Court rules on stadium-style movie theaters.
In August 2003, the U.S. Court of Appeals for the Ninth Circuit ruled movie theaters cannot limit wheelchair users to only front-row seating areas. This important case (Oregon Paralyzed Veterans of America v. Regal Cinemas, Inc.) was originally brought in April 2000 in the U.S. District Court in Oregon by the Oregon Paralyzed Veterans of America (OPVA) and three wheelchair users. This decision is in direct conflict with Lara v. Cinemark USA, Inc., a case decided in April 2000 by the U.S. Court of Appeals for the Fifth Circuit.
OPVA's suit was against two chains operating movie theaters in Oregon. Six of the theaters operated by the companies used a design commonly called "stadium seating." This design placed most of the theater seats on stepped risers rather than on a sloped floor in order to maximize unobstructed views for theater patrons. However, in five of the six theaters in question, wheelchair-accessible seating was located only on the floor's sloped portion, not in the aisle or in the stadium-seat section. Most significantly, more than half of the accessible seats were in the first row.
The result of this design was that wheelchair patrons had no choice but to sit in the first few rows of these theaters. This resulted in viewing angles to the screen of between 24 and 60[degrees]--the average line of sight for nonwheelchair patrons was 20[degrees]--and substantially exceeding design guidelines established by the Society of Motion Picture & Television Engineers.

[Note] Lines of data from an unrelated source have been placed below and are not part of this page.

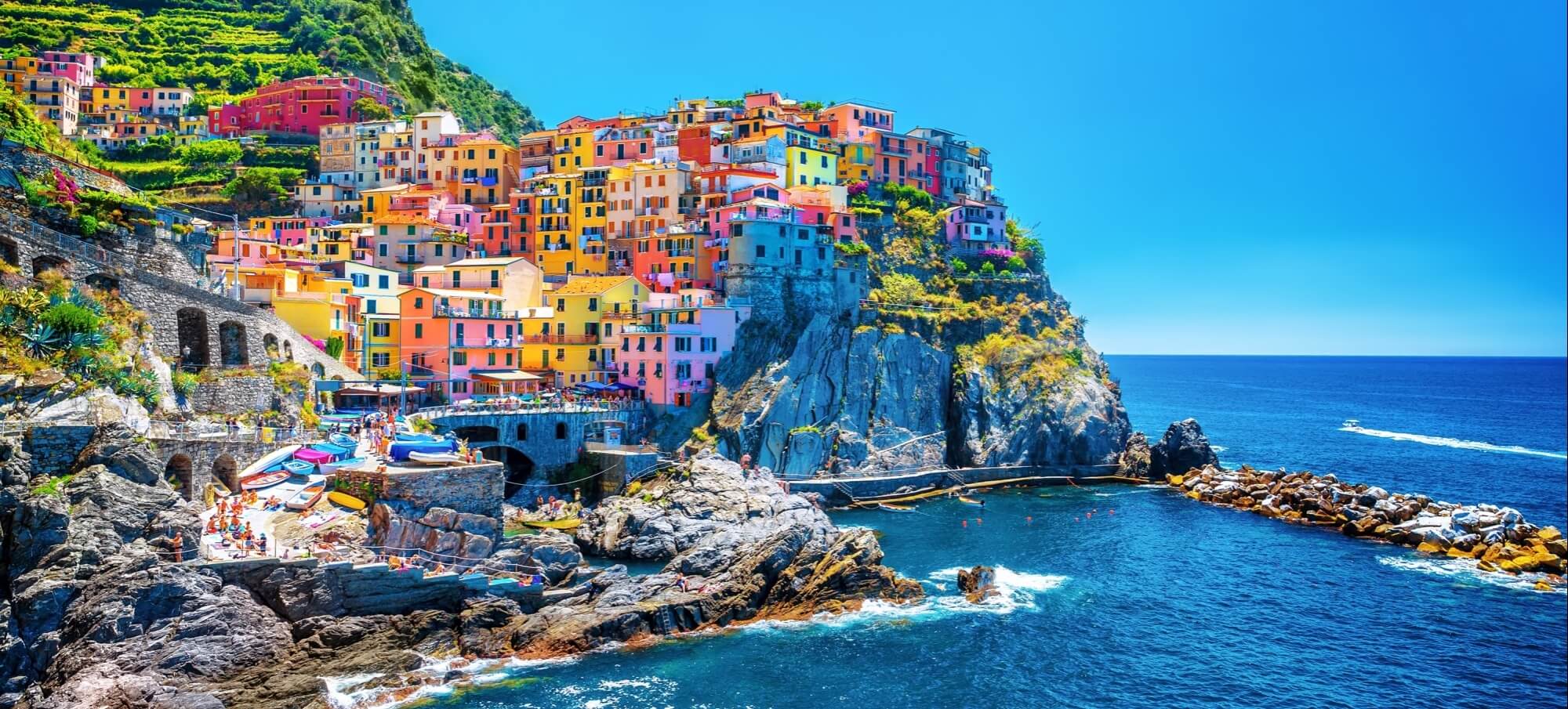 A UNESCO World Heritage Site since 1997, sublime Cinque Terre is a collection of five lovely fishing villages making up this splendid stretch on the eastern shores of Liguria. Capturing the imagination of many a traveller, Monterosso al Mare, Vernazza, Corniglia, Manarola and Riomaggiore date back to the Middle Ages and boast terraced cliffs cascading onto the sea in a picturesque fashion, with a series of small fields and gardens that make the scene unique. The villages are best explored on foot – the Alta Via delle Cinque Terre connects Portovenere in the south of the area with Levanto  - with the famous Via dell’amore having recently reopened, but can also be admired and visited with a lovely boat trip. Train hopping is also an option, giving you the chance to explore each area and its distinct soul. The peculiarity that makes this part of Italy loved the world over is the way these fishing villages were built: create your own travel romance by exploring them all in a journey of delight. Monterosso, its lemon trees and convent, Manarola and its grapes that yield supreme wines, Vernazza and its magic natural harbour, Riomaggiore and its medieval houses, Corniglia and its dazzling belvedere for a sublime experience.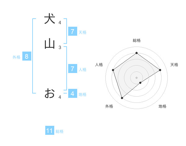 犬山 おさんの外格は8画の4点!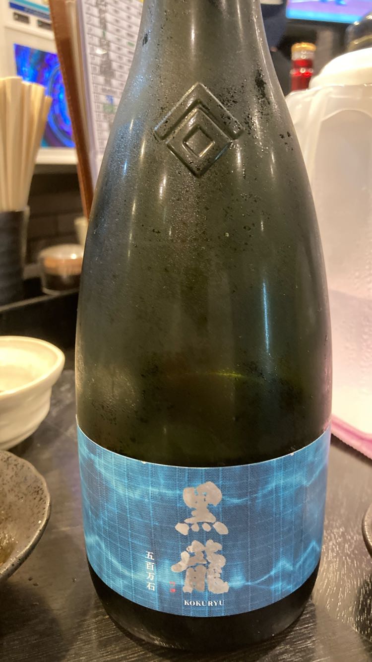黒龍吟醸です。写真の使い回しでスイマセン。スッキリの相変わらずのお世話になっている味、なのにこの前に飲んだ香り系吟醸の方が良かったかな?なんて思いつつ、スッキリ爽やか系の美味しいお酒でした。一個前のお酒が香り高かったので、少々物足りなく感じたり…。好み変わりそう。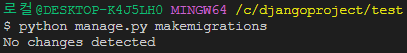 그렇지 않으면 우리가 아무리 모델을 변경해주고 makemigrations 명령어로 migration을 만들어 주려고 해도 아래와 같이 감지하지 못한다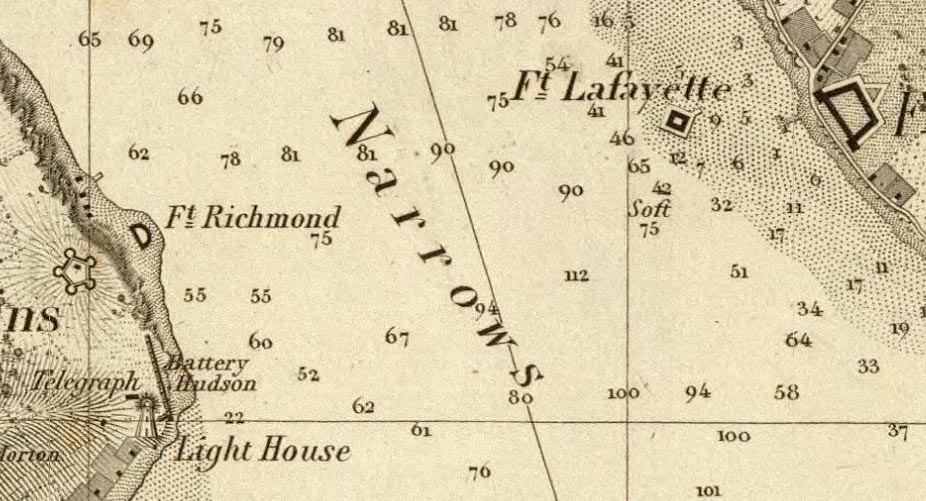 The present location of the Verrazano Narrows Bridge is show here in 1844 on the huge six sheet Map of New York Bay and Harbor, one of the first large chart maps produced by the United States Coast Survey.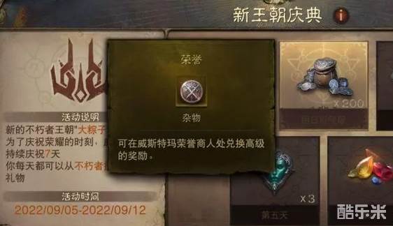 4、每周参与暗影会宝库可获取350荣誉,在宝库中每开一个箱子会有40荣誉加2万金币(每周上限40个箱子)。

OPVA claimed this design violated Title III of the Americans With Disabilities Act (ADA), which provides generally that no individual may be discriminated against on the basis of disability in the full and equal enjoyment of public facilities. More specifically, the Oregon chapter argued this design did not provide wheelchair patrons with a line of sight comparable to nonwheelchair patrons as required by the ADA Accessibility Guidelines (ADAAG), the Department of Justice regulations implementing the ADA.
The lower court did not agree with OPVA's position and found, as did the court in Lara, that "comparable line of sight" did not include viewing angles but referred only to viewing obstructions. The three individual plaintiffs in the case elected to appeal the lower court's ruling and were rewarded when the Federal Appeals Court reversed the lower court.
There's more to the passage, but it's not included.